Telcos and MSO should think more like distributors than network providers. The auto industry uses a distributor network to deliver its products. Usually the car dealerships make more profit per customer than the manufacturer. Telcos and MSO have the same opportunity before them. They know their customers, and they should be able to offer services packages better than anyone else. Do not worry about the pipe. Concentrate on delivering the services over the pipe. The cost per bit of transport will continue on its decline enabling less capital expenditure on building the network. The network should be seen as a value added part of the service offered. Consumers will still have to purchase access to the Internet, but the service they buy can be cheaper and higher quality if bundled from the carrier. Good marketing will demonstrate a better user experience. Many consumers will resonate with that message.

New service providers will still pop-up that will capture revenue of the carriers’ customers, but the carrier can turn around and provide the same or better service. Consumers then have the choice where to purchase that service. Many will come back to the carrier. Everybody wins. The secondary effect is more consumers will want to purchase more services and consume more bandwidth. This spiraling effect will drive the broadband penetration to customers. By focusing on services, carriers grow stronger and broadband penetration will increase.

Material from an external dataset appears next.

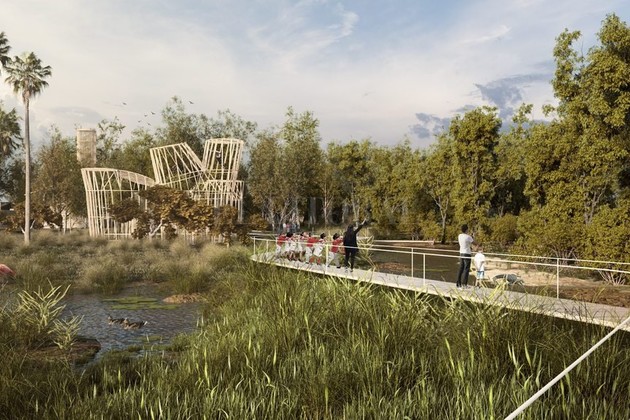 Como acceso a la pasarela se ideó el Centro Educativo. “Debe contar con todos los controles de acceso y con un centro de interpretación ambiental adonde recibir a los visitantes, dar las explicaciones del caso para luego realizar el circuito”, dijo Giobando. Su proyecto también ubicó allí un espacio para bar y restaurante, con visuales hacia la zona educativa, de exhibición.

Incumbent carriers and MSO along with the rest of the industry should lobby Congress to rewrite telecom legislation that will free the industry of its regulatory and statutory shackles. A minimalist position is best. Just how confused Justice Clarance Thomas was on the Brand X opinion. State utility commissions should be eliminated because this is a global industry. With the slate clean to focus on quality content and innovative services, the telecom industry in this country will flourish and we will see our prominence in broadband rankings increase as well.